:: Task brief ::
Your answer should be only the lines below from the one with "浙江手牌40492/4049" to the one with "夏日,新余市的美丽乡村避暑游", repeated exactly, ends included.

** Source material follows **

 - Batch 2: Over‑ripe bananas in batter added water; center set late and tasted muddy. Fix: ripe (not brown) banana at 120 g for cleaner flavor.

** End of Source material **
** Source material follows **

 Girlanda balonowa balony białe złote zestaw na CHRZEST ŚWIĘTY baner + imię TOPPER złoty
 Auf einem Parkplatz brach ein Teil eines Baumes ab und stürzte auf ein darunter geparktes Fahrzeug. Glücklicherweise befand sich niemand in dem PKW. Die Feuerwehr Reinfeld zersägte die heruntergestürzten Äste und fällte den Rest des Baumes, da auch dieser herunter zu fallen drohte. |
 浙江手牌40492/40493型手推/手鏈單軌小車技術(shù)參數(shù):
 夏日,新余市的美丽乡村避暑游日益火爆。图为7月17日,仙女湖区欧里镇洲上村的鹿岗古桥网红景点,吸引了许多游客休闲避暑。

** End of Source material **
** Source material follows **

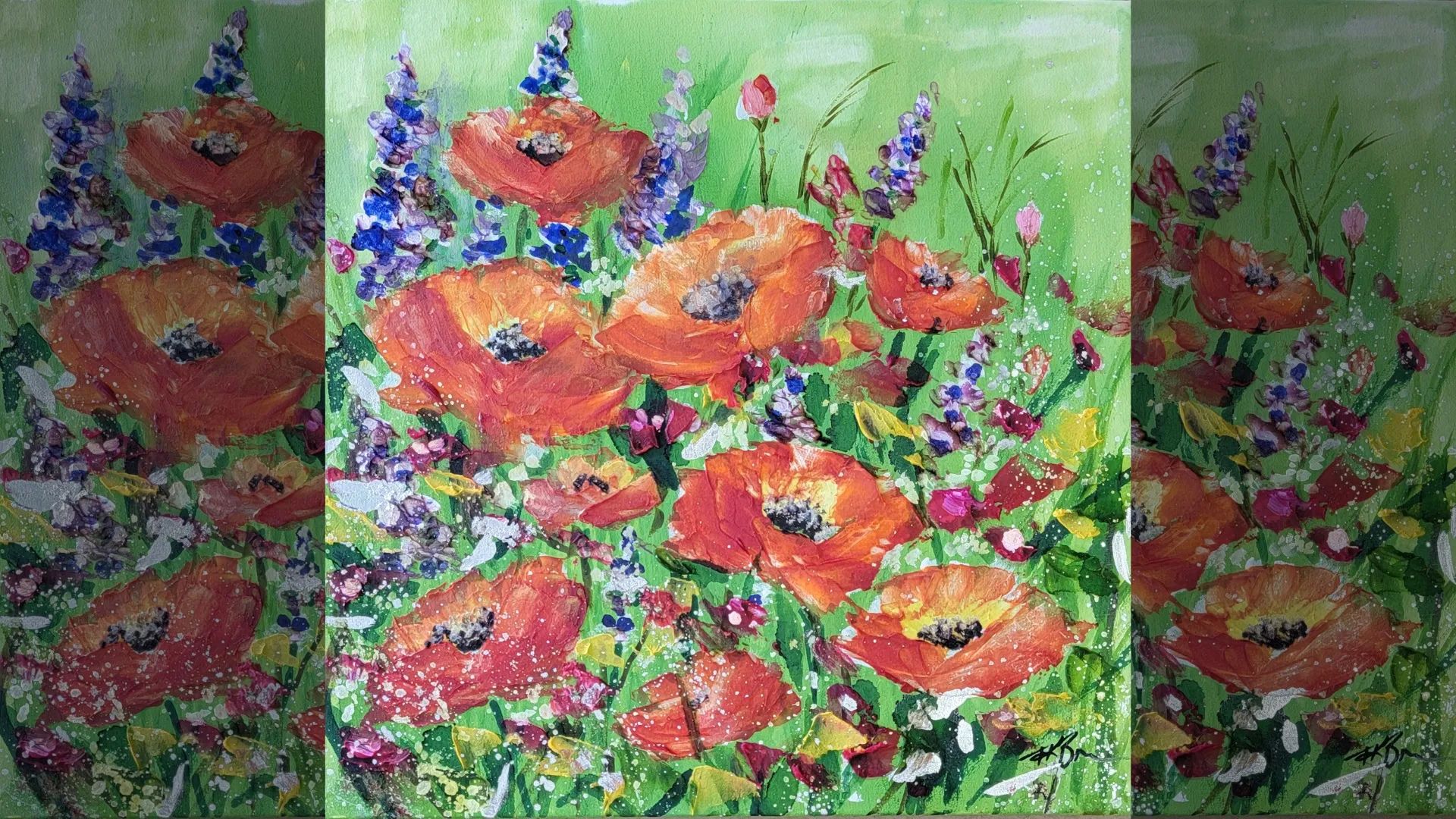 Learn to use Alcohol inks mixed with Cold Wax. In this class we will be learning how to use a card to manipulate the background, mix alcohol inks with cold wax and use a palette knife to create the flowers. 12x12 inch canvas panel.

** End of Source material **

:: Answer box ::
 浙江手牌40492/40493型手推/手鏈單軌小車技術(shù)參數(shù):
 夏日,新余市的美丽乡村避暑游日益火爆。图为7月17日,仙女湖区欧里镇洲上村的鹿岗古桥网红景点,吸引了许多游客休闲避暑。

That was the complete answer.